Noninvasive assessment of respiratory muscle strength and activity in Myotonic dystrophy

Abstract

Objective: To evaluate sensitivity/specificity of the maximum relaxation rate (MRR) of inspiratory muscles, amplitude of electromyographic activity of the sternocleidomastoid (SCM), scalene (SCA), parasternal (2ndIS) and rectus abdominis (RA) muscles; lung function and respiratory muscle strength in subjects with Myotonic dystrophy type 1 (DM1) compared with healthy subjects.

Design and methods: Quasi-experimental observational study with control group. MRR of inspiratory muscles, lung function and amplitude of the electromyographic activity of SCM, SCA, 2ndIS and RA muscles during maximum inspiratory pressure (PImax), maximum expiratory pressure (PEmax) and sniff nasal inspiratory pressure (SNIP) tests were assessed in eighteen DM1 subjects and eleven healthy.

Results: MRR was lower in DM1 group compared to healthy (P = 0.001) and was considered sensitive and specific to identify disease in DM1 and discard it in controls, as well as SNIP% (P = 0.0026), PImax% (P = 0.0077) and PEmax% (P = 0.0002). Contraction time of SCM and SCA was higher in DM1 compared to controls, respectively, during PImax (P = 0.023 and P = 0.017) and SNIP (P = 0.015 and P = .0004). The DM1 group showed lower PImax (P = .0006), PEmax (P = 0.0002), SNIP (P = 0.0014), and higher electromyographic activity of the SCM (P = 0.002) and SCA (P = 0.004) at rest; of 2ndIS (P = 0.003) during PEmax and of SCM (P = 0.02) and SCA (P = 0.03) during SNIP test.

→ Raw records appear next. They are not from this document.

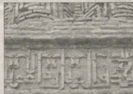
Фрагмент Джаркурганского минарета (1108-1110 гг.).

- Именно. Исследования значительного числа памятников показали: ко времени пере-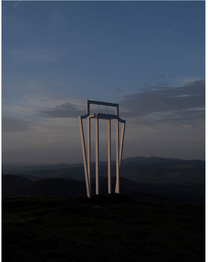
Taygeta, 2022, Sabine Mirlesse. Taygeta, 2022, Sabine Mirlesse.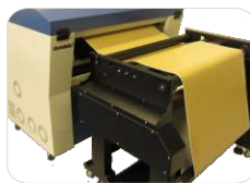
Sistema enrolador/desenrolador automático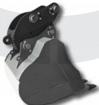
Pin to Pin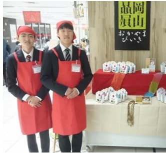
岡山轟眞に参加しています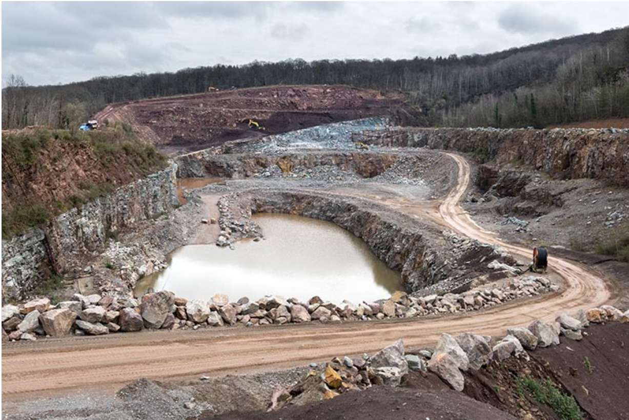
Vue d'ensemble de la carrière, depuis l'ouest.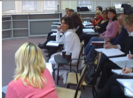
14 grudnia 2008 – Gdynia ul. 10-go lutego 24

Conclusions: MD1 subjects presented restrictive pattern, reduced respiratory muscle strength, muscular electrical activity and MRR when compared to higher compared to controls. In addition, the lower MRR found in MD1 subjects showed to be reliable to sensitivity and specificity in identifying the delayed relaxation of respiratory muscles.

Fig 1. Study flowchart.

Fig 2

Comparison between MRR (A), SNIP (B), PImax (C) and PEmax (D) for DM₁ and control group. Data and cutoffs of respiratory muscle weakness for PImax, PEmax and SNIP are presented in absolute values. The cutoff points established for male and female, respectively, were: 59.1 cmH₂O and 70.4 cmH₂O, for PImax; 58.2 cmH₂O and 53.9 cmH₂O, for SNIP; 101.1 cmH₂O and 69.2 cmH₂O for PEmax. All data showed parametric distribution and were compared using Unpaired t test. Differences were considered significant when P<0.05.

Fig 3

Surface electromyography during the electrical activity of the muscles SCM, SCA, RA and 2^ndIS at rest (A), SNIP (B), PImax (C) and PEmax (D). Values were normalized and are shown in normalized data (% of RMS at rest) in SCM, SCA and RA. The normalized data from 2^ndIS was done considering the RMS of maximal values of SNIP and PImax maneuvers of each muscle, during the maneuvers. The sEMG measure at 2^ndIS was normalized by SNIP and PImax, both maximal measures of inspiratory muscles. All data presented non-parametric distribution and were compared using the Mann-Whitney test. Differences were considered significant when P<0.05.

Fig 4

Time of electrical activity of SCM, SCA, RA and 2^ndIS muscles during SNIP (A) and PImax (B) assessment. Values are expressed in seconds. All data showed parametric distribution and were compared using the unpaired t-test with Welch’s correction. Differences were considered significant when P<0.05.

Fig 5. ROC curves of MRR, % predicted of SNIP, PImax e PEmax for DM₁ and control group.